Armstrong’s disciplinary process began Feb. 23, 2023, when an anonymous complainant filed a complaint about him with Hockey Canada.
Hockey Canada’s ITP accepted jurisdiction on May 16, 2023, and appointed investigator Paul Gee to probe the allegations.
On Jan. 18, 2024, a parent of a player on the Lumber Kings filed a second complaint against Armstrong, alleging that he bullied players during the 2022-23 and 2023-24 seasons and used team or league money for his personal gain.
By mid-2024, investigation reports in both matters had been completed. In February 2025, adjudicator Kathleen Simmons was commissioned by Hockey Canada to determine appropriate sanctions against Armstrong.
After his initial suspension of one and a half seasons, Armstrong appealed to the Sport Dispute Resolution Centre of Canada (SDRCC), where an arbitrator upheld the sanction in a Sept. 12 decision.
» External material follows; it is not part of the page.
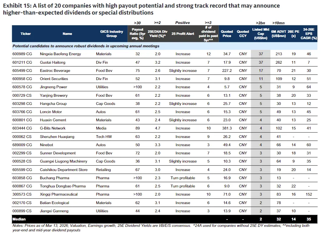 投资标的和行情规律上,高盛也给出了明确方向。盈利超预期的买入标的,基本锚定 AI、反内卷 / 再通胀、出海三大主线,这些标的也是推动指数 EPS 低速双位数增长的核心;同时还筛选出 20 家高分红潜力公司,筛选标准聚焦历史分红率、业绩预增、高股息率三大维度。从过去 5 年的数据看,盈利超预期的股票发布业绩后有明确的超额收益,港股的持续性能到 3 个月,A 股首周表现最强,后续虽有小幅回落,但整体仍跑赢基准。
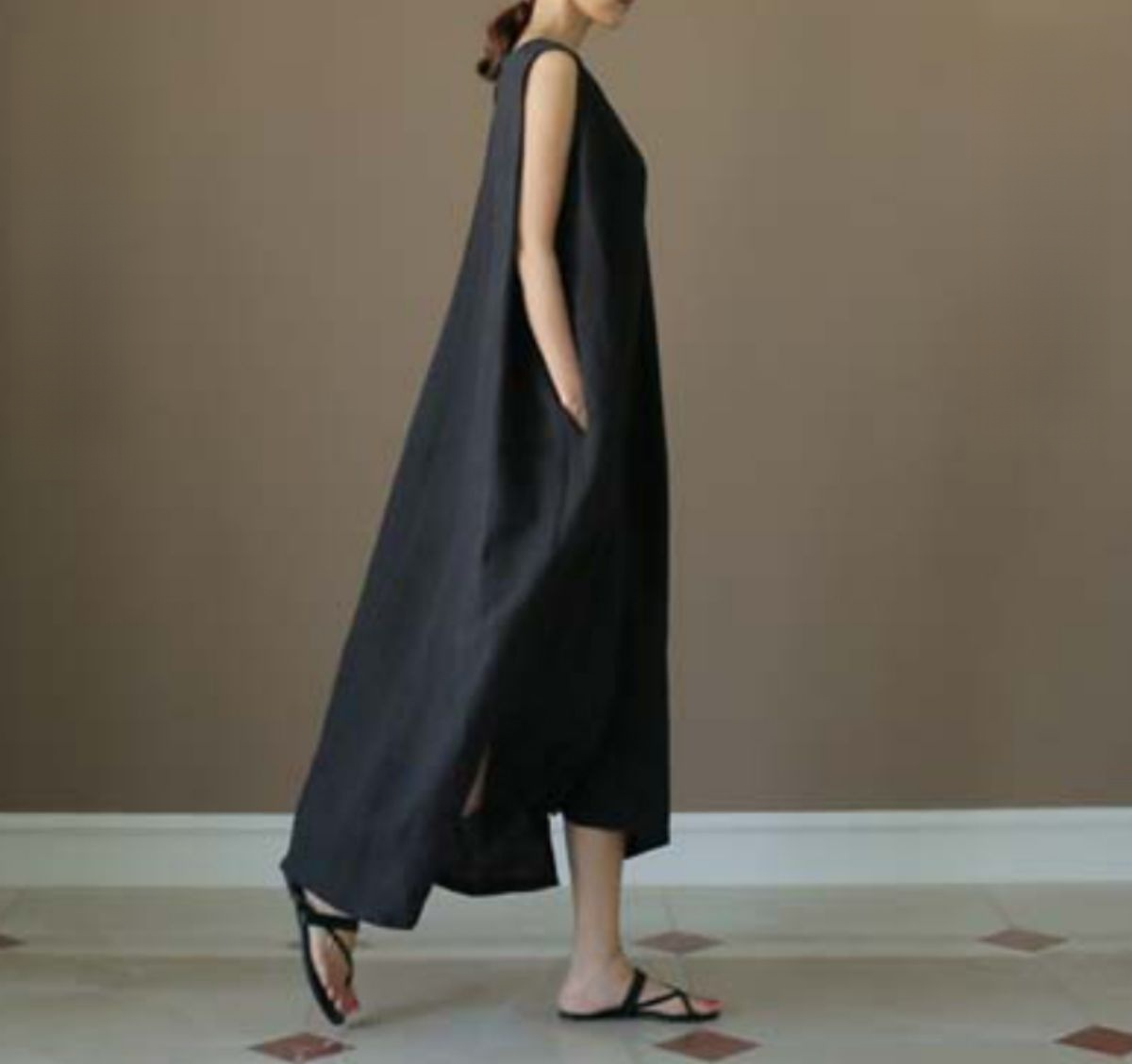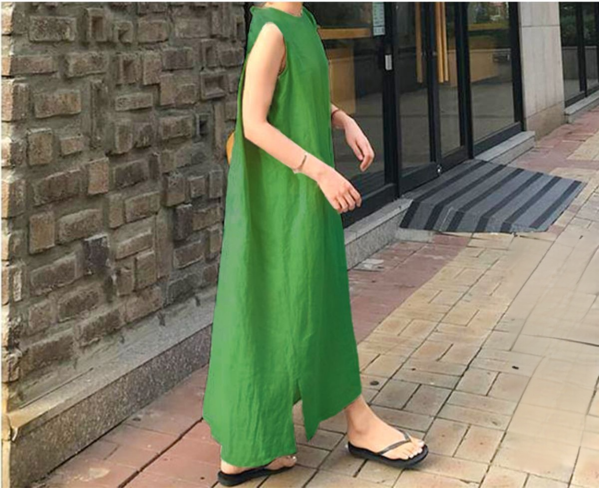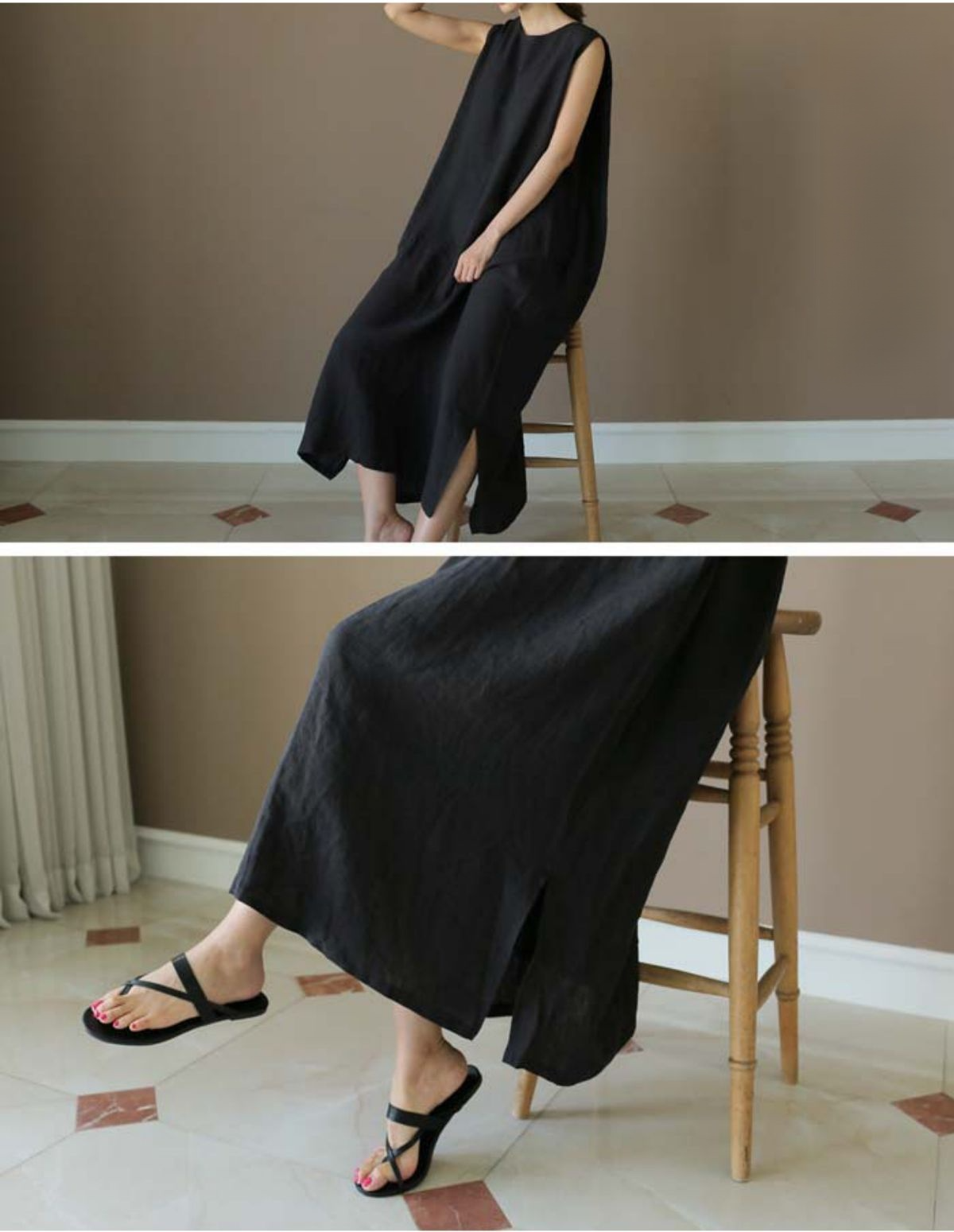 ベスト・ノースリーブ・ドレス ラウンドネック良質7色スプリットドレス

Two months later, after video evidence established Armstrong had breached his sanction conditions, Simmons determined he should be suspended from his coaching duties until a day before the 2026-27 hockey season.
While the SDRCC decision did not detail which allegations against Armstrong were considered credible, Morris said that the adjudicator in the case determined allegations that Armstrong pressured families to pay more money to ensure ice time for their children were credible.
The adjudicator also confirmed an investigator’s finding that Armstrong pressured a player to play through a broken collarbone and subsequently failed to provide adequate medical care, Morris said.
However, allegations related to Armstrong’s supposed drinking alcohol on the bench and driving while under the influence were not supported by evidence, Morris said. The allegation Armstrong did not supervise players and created a climate for hazing was similarly unsupported by evidence, Morris said.
“In terms of hazing, what we are talking about was a fine jar where players had to pay a few dollars if they did something wrong,” Morris said. “The senior players started it and when Alex learned of it, he stopped it.”
A central issue throughout Armstrong’s case and appeal was anonymity. Armstrong argued he could not fairly defend himself without knowing the identities of complainants and certain witnesses, particularly where credibility findings were decisive. Hockey Canada’s ITP also refused to hand over to Armstrong the specific evidence provided by witnesses in the case, and only offered generalized statements, Morris said.
“The whole ITP process is absurd,” Morris said. “There’s no procedural process. It’s the wild west. The ITP has relied on anonymous witnesses, allowing them to retain anonymity because of concerns about reprisals. Well, some of the players who would have been on Alex’s team in 2022, when this behaviour was alleged to have happened, have already aged out of junior hockey. It’s not like Alex is going to cut them from a team, right?”
The SDRCC arbitrator determined in its September decision that Hockey Canada’s policies explicitly permit anonymous complaints and that lifting anonymity would risk deterring future complainants.